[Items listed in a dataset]
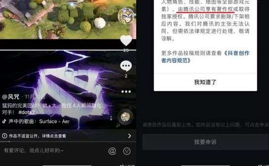 近期有不少用户向我们反馈,自己在抖音发布的非腾讯游戏视频被腾讯投诉下架,其中包括Dota2、魔兽世界等著名游戏。
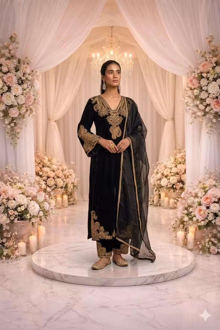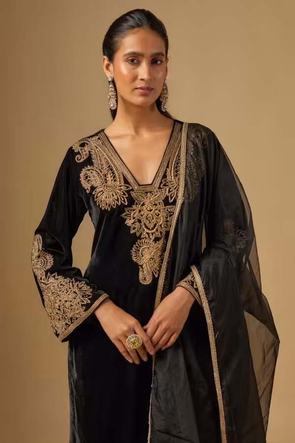The deep black shade gives a powerful and sophisticated look, ideal for evening events, weddings, and festive celebrations. Velvet kurta sets are especially popular for winter occasions due to their luxurious texture and warmth, making them a must-have for festive wardrobes.
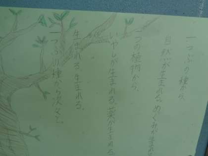 国語の教科書の扉の詩「創造」の文体を一部工夫して替えて文字通り詩を創造しているのでした。
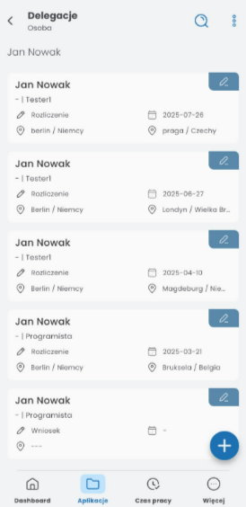 Aby włączyć widok modułu Delegacje, uruchom go z listy aplikacji.
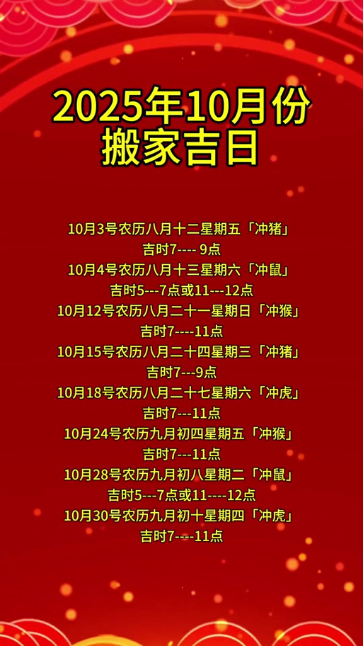 金秋十月,天高气爽,正值共和国华诞之长假、诸多家庭计划趁此良机,行乔迁之喜,搬入新居,开启生活新篇章、搬家非小事,择一黄道吉日,顺应天时,方能为新宅纳吉气,为家运注福源、所谓“吉地也要良辰催”,便是此理、以下为您详尽解析2026年10月期间,适宜搬家入宅的吉日与相关仪轨。
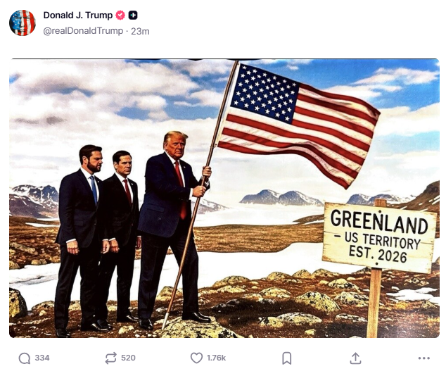 据新华社报道,美国总统特朗普20日凌晨在社交媒体上发布图片,他手拿美国国旗登上格陵兰岛,身后站着美国副总统万斯和国务卿鲁比奥,旁边指示牌上写着“格陵兰岛2026年成为美国领土”。
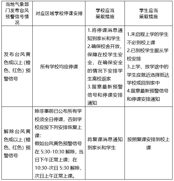 台风天气影响下停课安排及应当采取的措施:
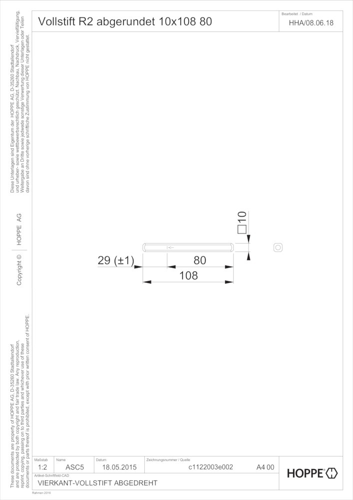 Produktinformationen "HOPPE Vierkantstift R2, 10x108mm verzinkt"

* **What you are asked to do**
Set down the records exactly, without the pictures.

* **Exercise answer**
 近期有不少用户向我们反馈,自己在抖音发布的非腾讯游戏视频被腾讯投诉下架,其中包括Dota2、魔兽世界等著名游戏。
The deep black shade gives a powerful and sophisticated look, ideal for evening events, weddings, and festive celebrations. Velvet kurta sets are especially popular for winter occasions due to their luxurious texture and warmth, making them a must-have for festive wardrobes.
 国語の教科書の扉の詩「創造」の文体を一部工夫して替えて文字通り詩を創造しているのでした。
 Aby włączyć widok modułu Delegacje, uruchom go z listy aplikacji.
 金秋十月,天高气爽,正值共和国华诞之长假、诸多家庭计划趁此良机,行乔迁之喜,搬入新居,开启生活新篇章、搬家非小事,择一黄道吉日,顺应天时,方能为新宅纳吉气,为家运注福源、所谓“吉地也要良辰催”,便是此理、以下为您详尽解析2026年10月期间,适宜搬家入宅的吉日与相关仪轨。
 据新华社报道,美国总统特朗普20日凌晨在社交媒体上发布图片,他手拿美国国旗登上格陵兰岛,身后站着美国副总统万斯和国务卿鲁比奥,旁边指示牌上写着“格陵兰岛2026年成为美国领土”。
 台风天气影响下停课安排及应当采取的措施:
 Produktinformationen "HOPPE Vierkantstift R2, 10x108mm verzinkt"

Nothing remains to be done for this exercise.